*** Extracted data

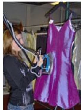
Table à repasser et fer traditionnel ,mannequin chauffant/soufflant

Différents matériels peuvent être utilisés :
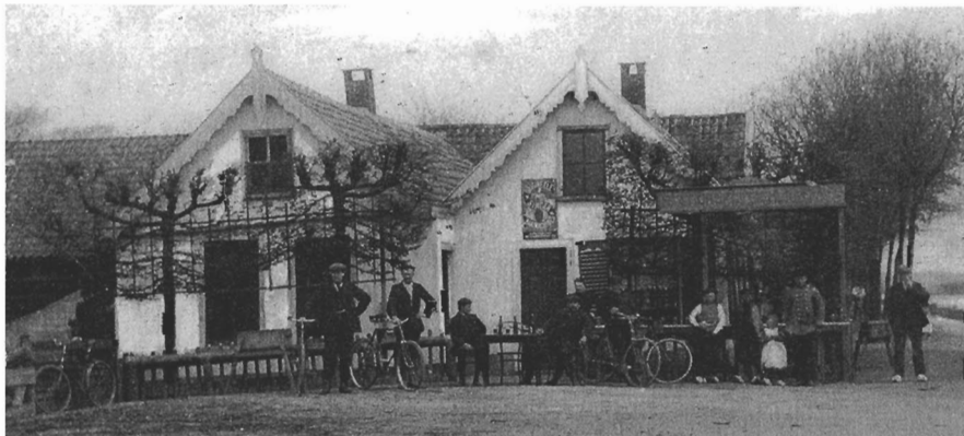
In beginjaren waren er in de Haarlemmermeer al veel cafe's, die druk bezocht werden. Er wordt wel gezegd dat er eerder cafe's waren dan een bakker en een slager. Op de gevel van het cafe staat een reclamebord van Singernaaimachines. Haarlemmermeer, Ringdijk-Vijfhuizerweg in 1902. Collectie prentbriefkaarten Provinciale Atlas Noord-Holland, Haarlemmermeer nr 44.
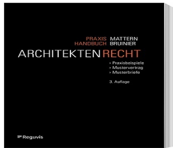
> Praxishandbuch Architektenrecht
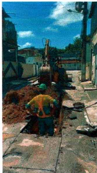
Figura 1: Execução de reparo de vazamento de rede
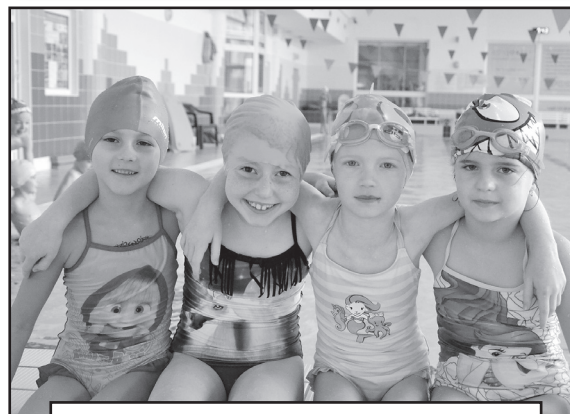
Na plavání do Vsetína jezdí každoročně všichni žáci první, druhé i třetí třídy.
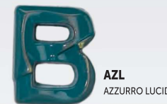
AZL AZZURRO LUCIDO
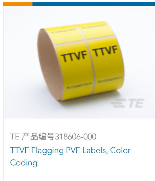
TE 产品编号318606-000 TTVF Flagging PVF Labels, Color Coding
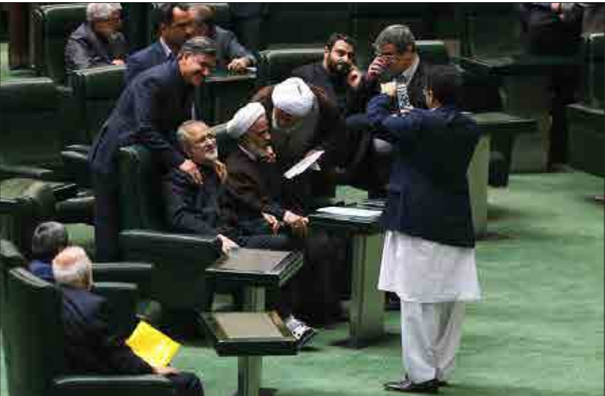
در حاشیه حضور ظریف
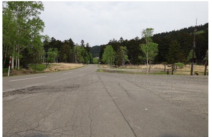
登山口まで少し歩きます、いかにも道東の雰囲気
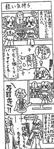
令和6年度優秀賞(土南部小)
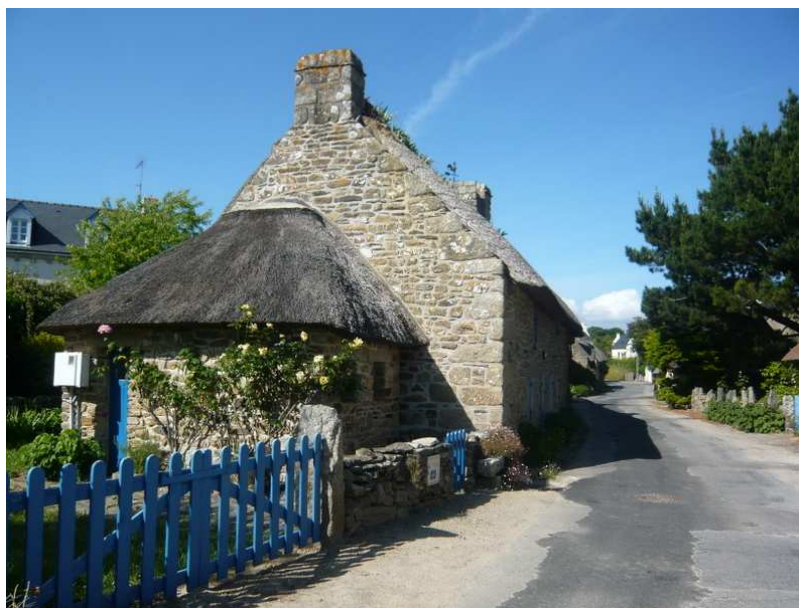
Toit de chaume
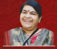
محترمہ انشا چاکر وزیر ثقافت و سیاحت

مدھیہ پردیش اردو اکادمی، سنسکرتی پریشند، حکمہ ثقافت کے زیر اہتمام سلسلہ کے تحت
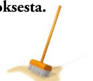
Lakaise pinnat puhtaaksi.
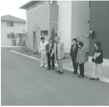
現地調査のようす
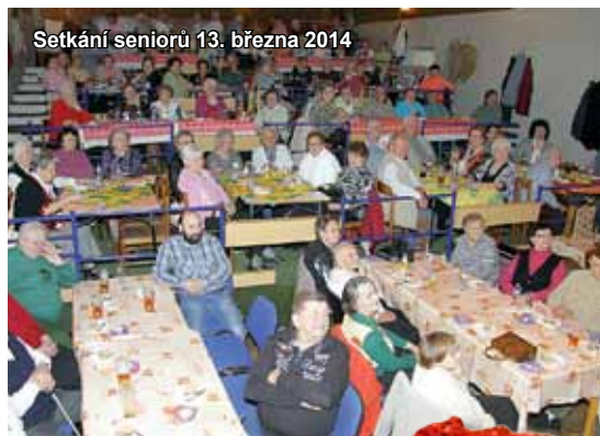
Setkání seniorů 13. března 2014

RAJHRADSKÝ ZPRAVODAJ • Informace o dění ve městě Rajhrad • 24. ročník • Vydavatel: město Rajhrad, Masarykova 32, 664 61 Rajhrad, www.rajhrad.cz • Redakční rada: Bc. Roman Svora – předseda, PhDr. Dagmar Malotová, Lada Hamerníková, podatelna@rajhrad.cz • Redaktor: Petr Žižka, zpravodaj@rajhrad.cz • Grafické zpracování: Roman Halouzka, CGS – reklamní studio, www.ReklamaProVas.cz • Uzávěrka 15. dne předcházejícího měsíce • Vychází zdarma každý sudý měsíc • Náklad 1 350 kusů • Nevyžádané rukopisy a přílohy se nevracejí • Registrační číslo MK ČR E 10274
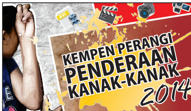
Rajah 5 Set siri poster 1 penderaan kanak-kanak yang dibangunkan

Analisis awal telah dijalankan mengenai penderaan kanak-kanak secara visual foto melalui satu perbincangan terbuka menggunakan saluran media sosial facebook secara kualitatif dan untuk mencapai objektif kajian. Seramai 40 pengguna media sosial facebook yang terlibat dalam memberi respon dan tafsiran maklumat yang dikehendaki. Lingkungan golongan ini terdiri daripada mereka yang berumur 20 hingga 35 tahun. Rata-rata mempunyai latar belakang pemegang diploma serta sarjana universiti tempatan di Malaysia. Mereka juga terdiri dari penganut agama dan berlatar belakang pekerjaan yang berbeza. Setelah perbincangan dilakukan dengan berpandukan kepada sebuah poster yang dibangunkan bagi melihat respon untuk mencapai objektif kajian, penyelidik mendapati seramai 34 orang pengguna amat bersetuju bahawa visual foto penderaan kanak-kanak harus diperbanyakkan lagi, manakala hanya 6 pengguna tidak bersetuju dan mencadangkan beberapa cadangan lain. Berikut merupakan hasil pandangan yang diberikan apabila ditanya adakah visual foto merupakan medium terbaik dalam menimbulkan kesedaran dan sebagai medium berkomunikasi dengan masyarakat, mereka berpendapat:
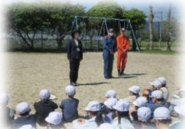
消防署の方のお話
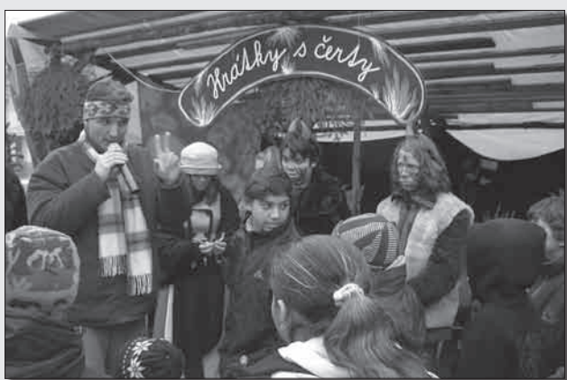
Nejmenší návštěvníky nově přilákalo vánoční soutěžení s překvapením u stánku s čertem a Káčou, který byl dílem ZŠ Karlovarská.
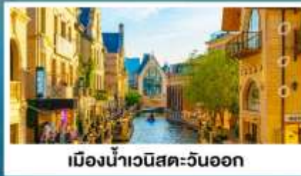
เมืองน้ำเวนิสตะวันออก
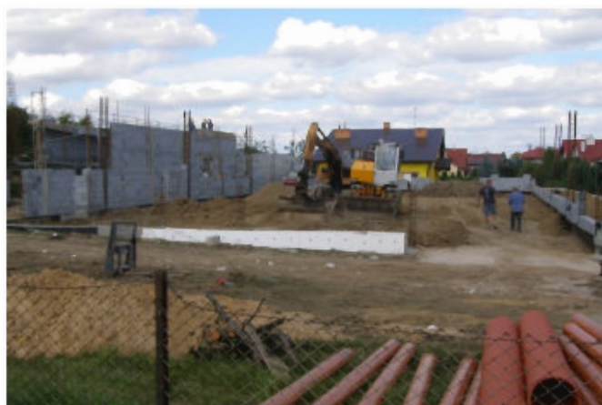
Budowa supermarketu „Biedronka”

Zdarzenie nie zakłóciło prac przy budowie nowego supermarketu. Jak powiedział nam kierownik budowy - Grzegorz Fialek - zakończenie prac planowane jest na listopad, a prawdopodobne otwarcie „Biedronki” nastąpi już w grudniu.
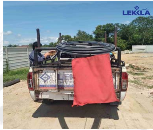
การใช้เครื่องมือ เครื่องจักรให้เหมาะสมกับลักษณะของงาน
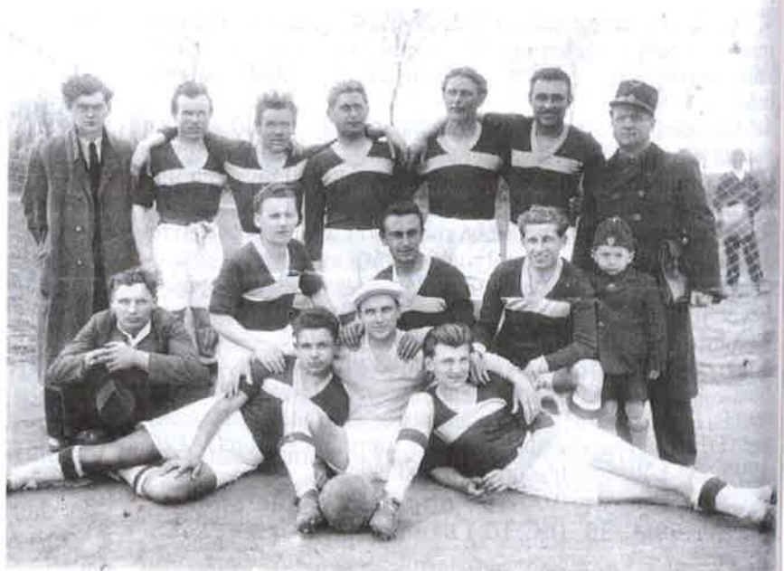
Negyvenes, ötvenes évek: FVSC

Sokat változott ez a sport az elmúlt, majd egy évszázad alatt, mivel külsőségében (felszerelés, szabályok stb.) mind pedig a játékosok mentalitásában.
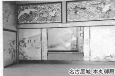
名古屋城 本丸御殿

名古屋市内に 入ります。車 窓から眺めつ つ、昼食地であ る千種区サ ッポロビール 名古屋工場跡 の「浩養園」 へ直行。広々 とした雰囲気 の中、バーベ キューです。 地ビールで乾 杯！腹具合 にちょうど良 し。 名古屋最初 の見学は尾張 の鎮守社「熱 田神宮」。伊勢 神宮に次ぐ大 社で、三種の 神器の「草薙神剣(くさ なぎへのみつるぎ)」が 祀られ、新天皇の奉祝ム ードの本宮を参拝しまし た。別宮・摂社・末社の ほか、「ごころの小徑」 などいろいろパワースポ ットがあるようで、神聖 な「ごころの小徑」と摂 社「一之御前神社」、末 社「清水社」を参拝しま した。
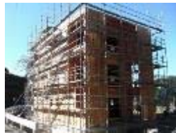
CLTの施工方法の確立及びコストダウンに向けたCLTを活用した先駆的建築の支援
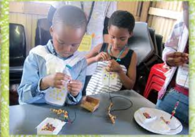
20 兒童營會Craft—串珠十字架項鍊，我可以自己來
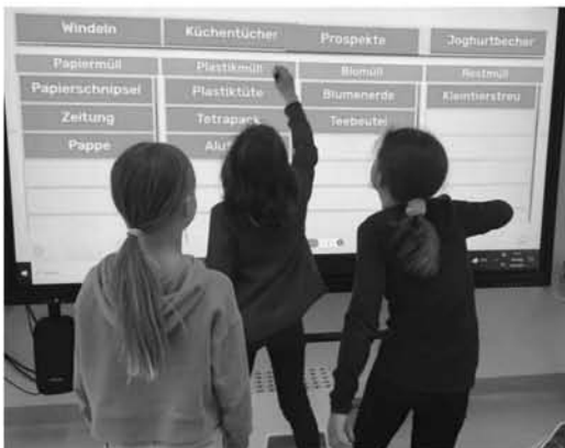
Welcher Müll gehört wohin?
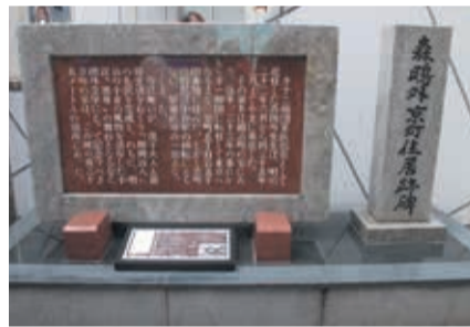
▲森鷗外京町住居跡碑

いずれも3月26日(日)。▶講演会「森鷗外を顕彰する北九州の人々～『或る小倉日記』伝』から今日まで」=14～15時30分、北九州文学サロン(小倉北区京町一丁目)で ▶碑前の会=作品の朗読など。16～16時20分、森鷗外京町住居跡碑前(小倉駅南側)で。共通☎定先着各15人。☎3月17日から森鷗外旧居☎531・1604へ。担市民文化スポーツ局文化企画課☎582・2391。
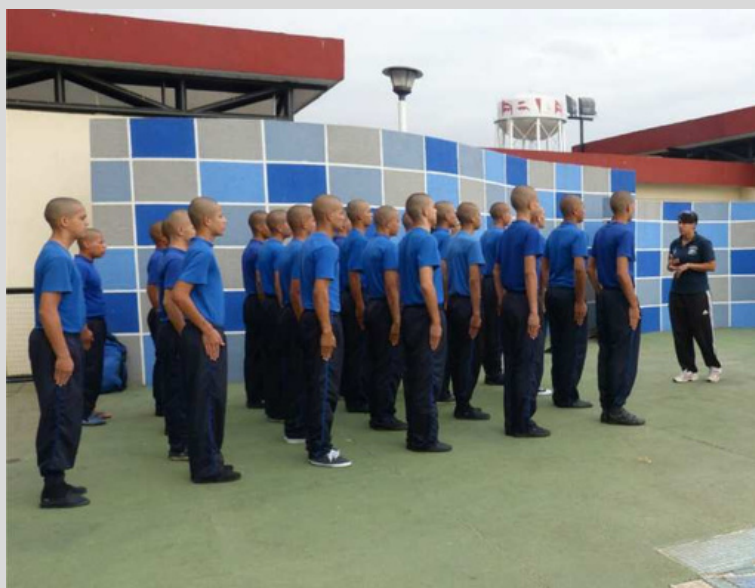
MPPSP. (26 de febrero de 2016). "En Barinas Adolescentes en Conflicto con la Ley Penal participan en el "Plan Delfines de la Patria"

La legislación venezolana establece que, al cumplir la mayoría de edad, los jóvenes infractores deben ser reubicados o trasladados en centros penitenciarios, indistintamente de que el delito se siga llevando por los tribunales de responsabilidad penal del adolescente.
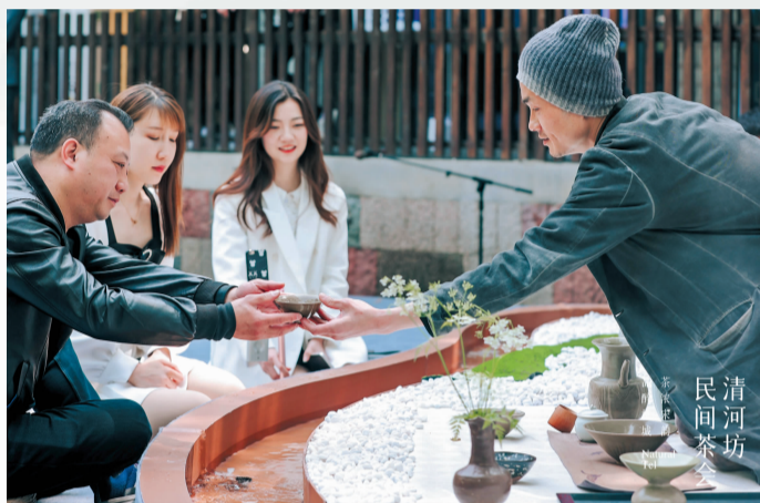
游客、市民在曲水流觞异形舞台抿尝好茶
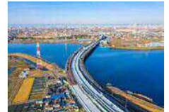
幹線道路ネットワークの整備 （名古屋環状2号線、名古屋西～飛鳥） （名古屋市、飛鳥村）
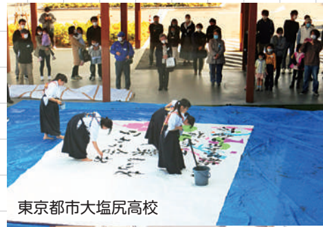
東京都市大塩尻高校
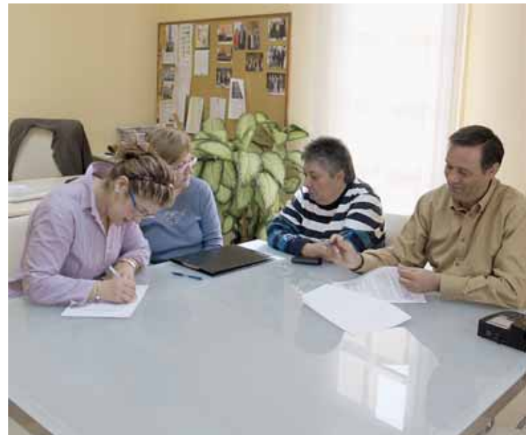
MOMENT DE LA SIGNATURA

legals de l'AV, inicià un procés de suport a l'entitat amb l'execució de la remodelació del local i el convertí en equipament municipal amb la categoria de local social.
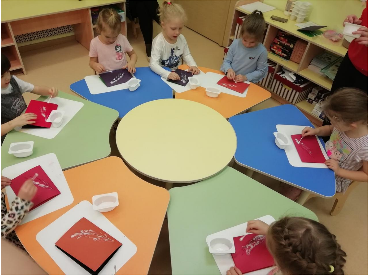
Мастер-класс «Как изготовить новогоднюю открытку?»
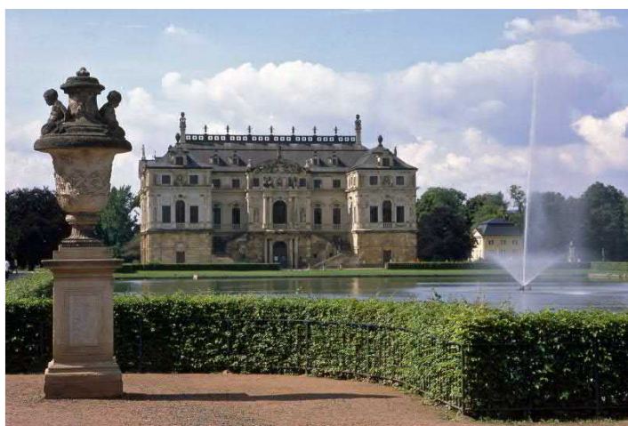
Schmuckplatz mit Palais im Großen Garten

FÜHRUNG inkl. Fahrticket und Eintritt Palais 9,00 EUR p.P, Kinder bis 15 Jahre 4,50 EUR p.P., zzgl. Führungsgebühr 30,00 EUR. Dauer ca. 2 h, Gruppengröße max. 30 Personen. Fahrseason Gründonnerstag - Oktober. Anmeldung erforderlich. Reiseleiter frei. Rundfahrten außerhalb der regulären Fahrzeiten zu Sondertarifen möglich. Weitere Angebote auf Nachfrage. Eingeschränkt barrierefrei. Übernachtungen in der näheren Umgebung unter www.dresden.de/de/tourismus/buchen/uebernachtung.php .
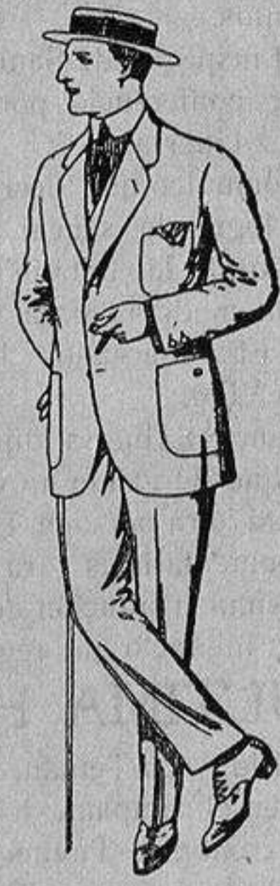
Trajes de dril crudo kaki o listado De Ptas. 10 a 32

Madrid, Barcelona, Alicante, Almería, Bilbao, Gádiz, Cartagena, Gijón, Granada, Málaga, Palma de Mallorca, Santander, - Sevilla, Valencia, Valladolid y Zaragoza -
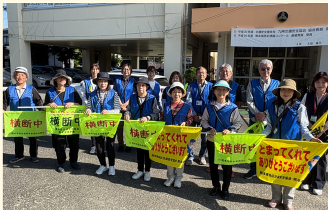
若葉校区民生委員・児童委員の皆さん

「民生委員・児童委員」の日をきっかけに、より多くの方が民生委員について知っていただくと良いのかなと思います。
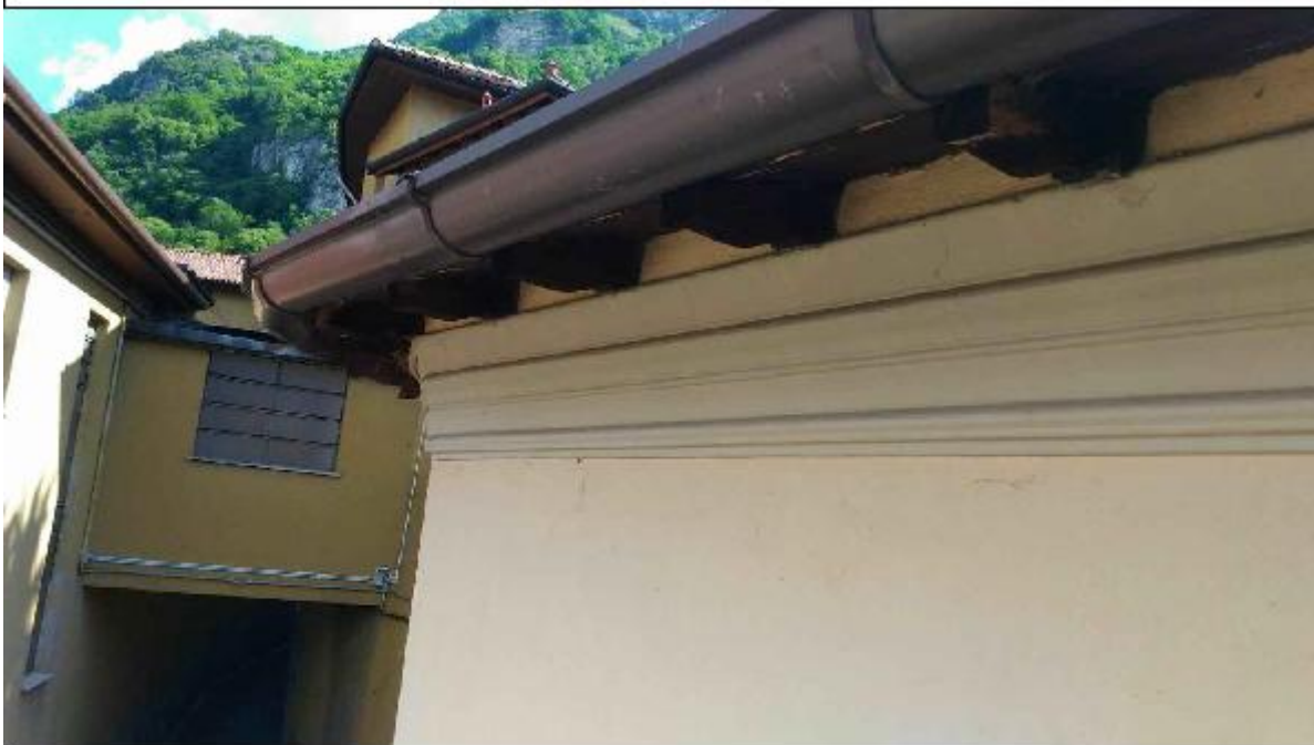
Foto 74: copertura - particolare dei travetti e del cornicione costituenti lo sbalzo di gronda e canale di gronda in alluminio
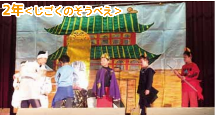
工夫を凝らした衣装と演技で楽しめました。
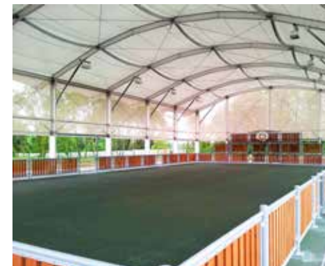
Préau multisport Saints (77)
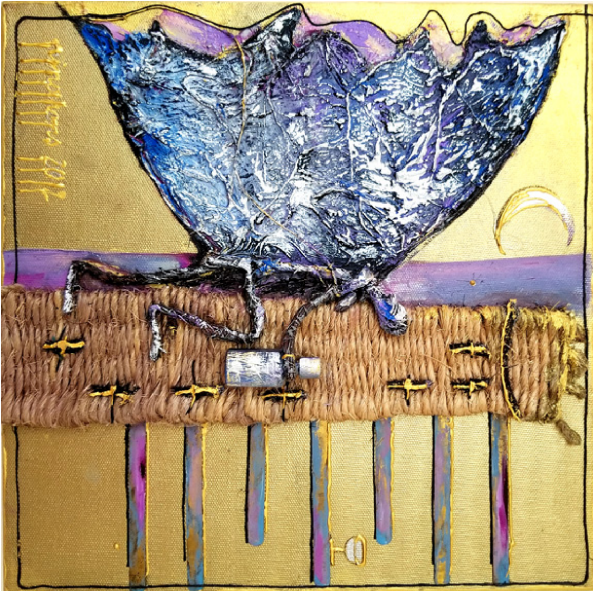
Mix-media 20×20 inch.

******

Task item:
Only the lines from the first line of the listing above through the line with "Setkání seniorů 13. března 2014" should be set down, exactly and without pictures.

Answer space:
Table à repasser et fer traditionnel ,mannequin chauffant/soufflant

Différents matériels peuvent être utilisés :
In beginjaren waren er in de Haarlemmermeer al veel cafe's, die druk bezocht werden. Er wordt wel gezegd dat er eerder cafe's waren dan een bakker en een slager. Op de gevel van het cafe staat een reclamebord van Singernaaimachines. Haarlemmermeer, Ringdijk-Vijfhuizerweg in 1902. Collectie prentbriefkaarten Provinciale Atlas Noord-Holland, Haarlemmermeer nr 44.
> Praxishandbuch Architektenrecht
Figura 1: Execução de reparo de vazamento de rede
Na plavání do Vsetína jezdí každoročně všichni žáci první, druhé i třetí třídy.
AZL AZZURRO LUCIDO
TE 产品编号318606-000 TTVF Flagging PVF Labels, Color Coding
در حاشیه حضور ظریف
登山口まで少し歩きます、いかにも道東の雰囲気
令和6年度優秀賞(土南部小)
Toit de chaume
محترمہ انشا چاکر وزیر ثقافت و سیاحت

مدھیہ پردیش اردو اکادمی، سنسکرتی پریشند، حکمہ ثقافت کے زیر اہتمام سلسلہ کے تحت
Lakaise pinnat puhtaaksi.
現地調査のようす
Setkání seniorů 13. března 2014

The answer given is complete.